Недавно исполнилась первая годовщина смерти одного из авторов нашей газеты, писателя и военного историка Гайка АЙРАПЕТЯНА. Знание военного дела и литературный талант позволили ему написать ряд интереснейших книг, посвященных армянским военачальникам, подчас неизвестным или умалчиваемым, и ратной истории новой Армении. “Легендарный Гай”, “Командующий армией Восканов”, “Последний спарапет” — обилие фактов, живой сюжет сделали их очень популярными у читателя.

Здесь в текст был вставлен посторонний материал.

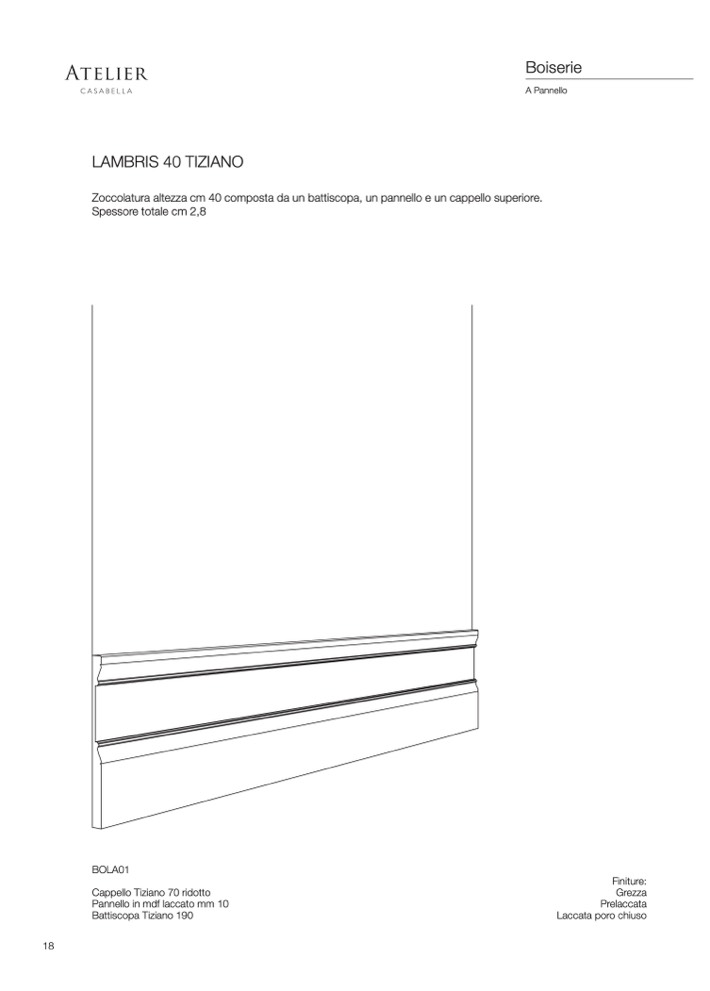 Zoccolatura altezza cm 40 composta da un battiscopa, un pannello e un cappello superiore.

Гайк Айрапетян обладал отличной памятью, которую использовал сполна — написал очерки и рассказы. Предлагаем вниманию читателей один из них, о герое гражданской войны Якове МЕЛКУМОВЕ.

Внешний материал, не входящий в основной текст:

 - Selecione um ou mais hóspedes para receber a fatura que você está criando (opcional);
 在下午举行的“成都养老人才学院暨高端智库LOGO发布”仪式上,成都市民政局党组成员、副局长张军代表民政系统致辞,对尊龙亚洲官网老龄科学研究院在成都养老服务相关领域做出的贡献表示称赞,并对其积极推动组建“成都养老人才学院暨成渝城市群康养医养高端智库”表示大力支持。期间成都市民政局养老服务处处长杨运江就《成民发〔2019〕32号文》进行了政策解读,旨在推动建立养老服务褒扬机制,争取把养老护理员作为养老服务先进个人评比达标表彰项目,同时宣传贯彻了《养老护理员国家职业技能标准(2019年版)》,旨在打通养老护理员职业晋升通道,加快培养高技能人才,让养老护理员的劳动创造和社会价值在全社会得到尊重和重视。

Праведный гнев армян за 1,5 миллиона невинно убиенных соотечественников обрушился-таки на головы главных организаторов и палачей геноцида. Счет справедливого отмщения открыл Согомон Тейлерян, застреливший 15 мая 1921 года скрывавшегося в Шарлоттенбурге Талаат-пашу. 6 декабря того же года на людной улице Рима Аршавир Ширакян прикончил Саида Аалима. Одна из вышедших в тот же день римских газет писала: “В роскошном дворце жило чудовище. Это он, премьер Османской империи, подготовил и осуществил в годы войны программу уничтожения благородной нации. Но никто не сомневался, что оружие отмщения истерзанного армянского народа в конце концов обратится и против главных виновников, а затем и против всех соучастников этого страшного преступления”. В апреле 7-й годовщины геноцида опять же Аршавир Ширакян и Арам Ерканян застрелили в Берлине идеолога Иттиада Бехаэддина Шакира и “палача Трапезунда” Джемаля Азми. Через три месяца Петрос Тер-Погосян и Арташес Геворкян убили в Тифлисе Джемала-пашу. На полторы недели дольше прожил бывший военный министр Османской империи. 4 августа 1922 года недалеко от Бухары справедливая кара настигла и “праверного” убийцу сотен тысяч армян Энвера-пашу, которого зарубил в рукопашной схватке Яков Мелкумов.
1958 год. Центральный дом Советской Армии. Торжественный вечер, посвященный 40-летию Военной академии имени Михаила Фрунзе. В президиуме прославленные военачальники в парадных мундирах с позолоченными погонами. От орденских иконостасов рябит в глазах. Несколько необычно выглядит среди этого президиумного парада человек в довоенной еще форме: в петлицах — по три “забытых” ромба, на груди —редкие для наших дней ордена.
— Кто этот чужой среди своих? — спросил я у сидящего рядом полковника Леопольда Альтговзена.
— Наоборот, он свой среди чужих, — ответил замначальника кафедры военного искусства. — Тем более что он ваш соотечественник.
— Как же его зовут?
— Азиатский Мюрат! Так величали его в огненные годы Гражданской войны. А ныне — Яков Аркадьевич Мелкумов...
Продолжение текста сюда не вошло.